Right from square one, the Re:START mall was an out of the box response to the urgent post-quake need for retail space in the city’s heart. And, although only ever intended as a temporary solution, the ‘container mall’ concept’s 2011 opening struck a local chord.
The brightly coloured containers quickly became an internationally-recognisable symbol of post-quake innovation before they were removed to make way for the Riverside Farmers’ Market due to open early next year.
Now upcycled shipping containers from the popular mall have found a new home in Kaikōura’s main street. Known as Uplift Kaikōura, the container mall’s northern incarnation is the brainchild of local business owners whose buildings were damaged in the Kaikōura quake in 2016.
The precinct opened at the end of last year on an empty site in the centre of town and is home to Gecko Gearz, Paper Plus and Ocean Arts, with a fourth business joining in soon.
Gecko Gearz owner Penny Betts says Uplift stands on the site where the grand Adelphi Hotel stood for 96 years before being demolished after the 2016 quake.
“We are so fortunate to have these containers in Kaikōura,” Penny says.
“A good mix of travellers are shopping at the site and we’ve had very positive feedback and support from locals and Kiwis travelling through.”
Much like its former incarnation, feedback has been extremely positive. “People are constantly telling me it has given the town life, a really good vibe and shows we are moving forward and staying positive albeit challenging times,” she says.
“There’s a lovely green area in the centre, which has some picnic tables and a giant Connect Four game.

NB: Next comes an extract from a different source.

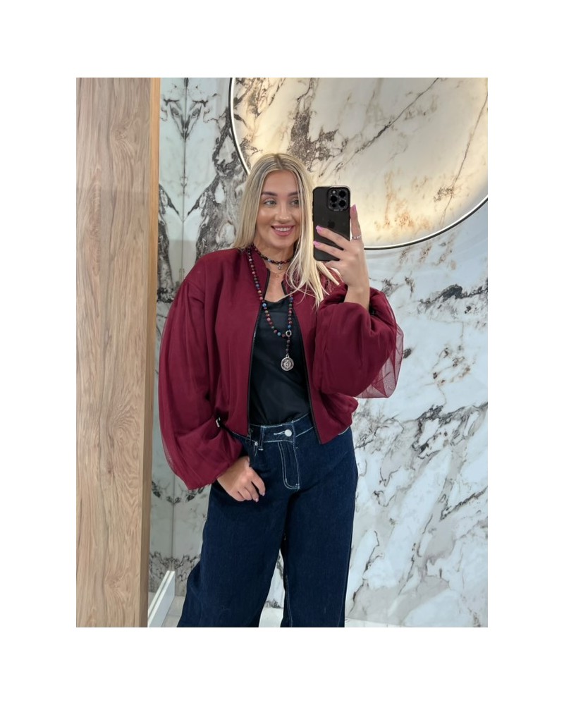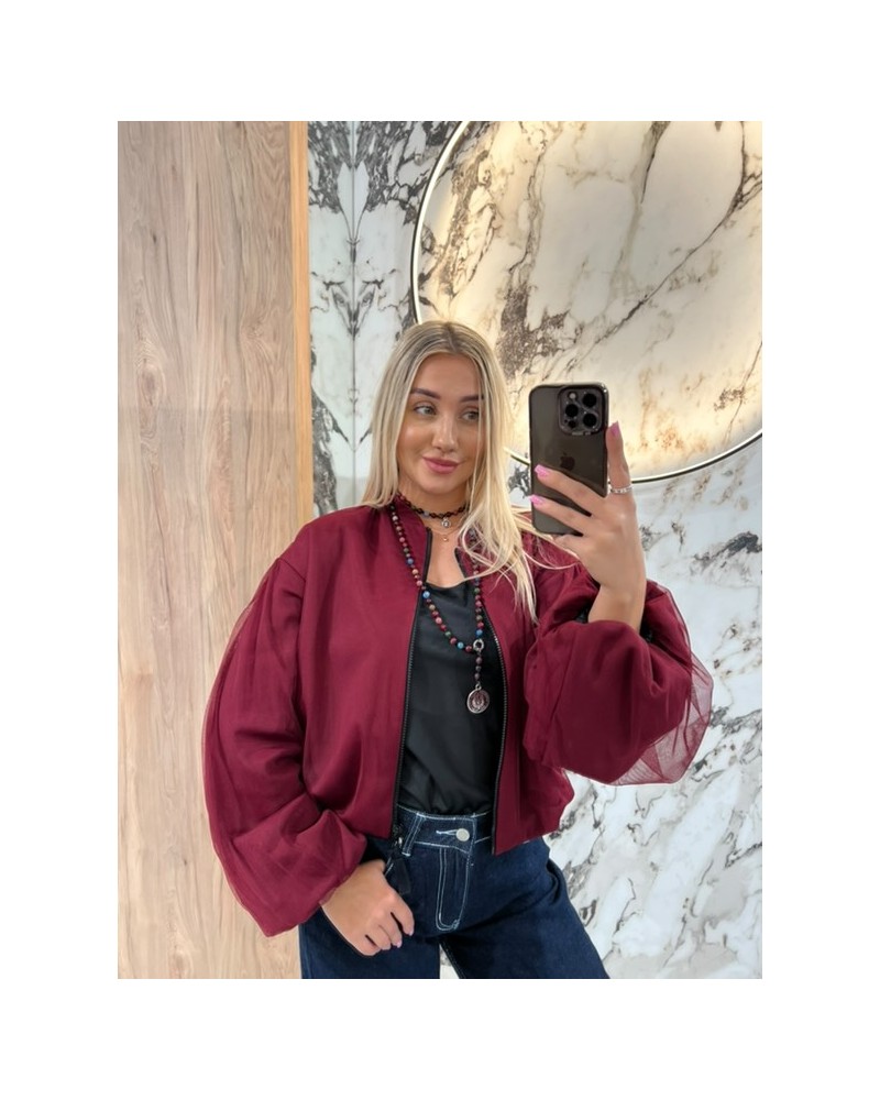 Nowoczesna bluza zapinana na suwak z wyjątkowym akcentem w postaci tiulowych, bufiastych rękawów. Lekko oversize’owy krój zapewnia komfort i swobodę ruchów, a transparentne rękawy nadają całości lekkości i elegancji. Idealna propozycja na co dzień, do pracy lub na wieczorne wyjścia — wystarczy dodać ulubione spodnie lub spódnicę. Ta bluza to świetny wybór dla kobiet, które cenią sobie wygodę, ale nie rezygnują z modnych i kobiecych detali.

It is great to see people relaxing in the area and quite a few of the local teens come and play the Connect Four.”
Uplift was predominantly privately-funded with some public donations from a Givealittle fundraising page.
Meanwhile in Christchurch, the Riverside Farmers’ Market is expected to be made up of five low-rise buildings with more than 80 market stalls, with 10,000 square metres of floor space and balconies overlooking three new laneways.
Inspired by European markets in cities like Copenhagen, the $80 million plan headed by developer Richard Peebles includes restaurants, food stalls and shops, fashion stores and offices, and is expected to be a breakthrough for the western end of Christchurch’s retail precinct.
“Farmers’ markets are the heart and soul of a city,” Peebles said when he unveiled plans for the development. “It’s where people naturally congregate and come together as a community.”
Building commenced earlier this year, with the complex earmarked for completion by 1 November 2018. The quick build time aims to minimise disruption for central city retailers.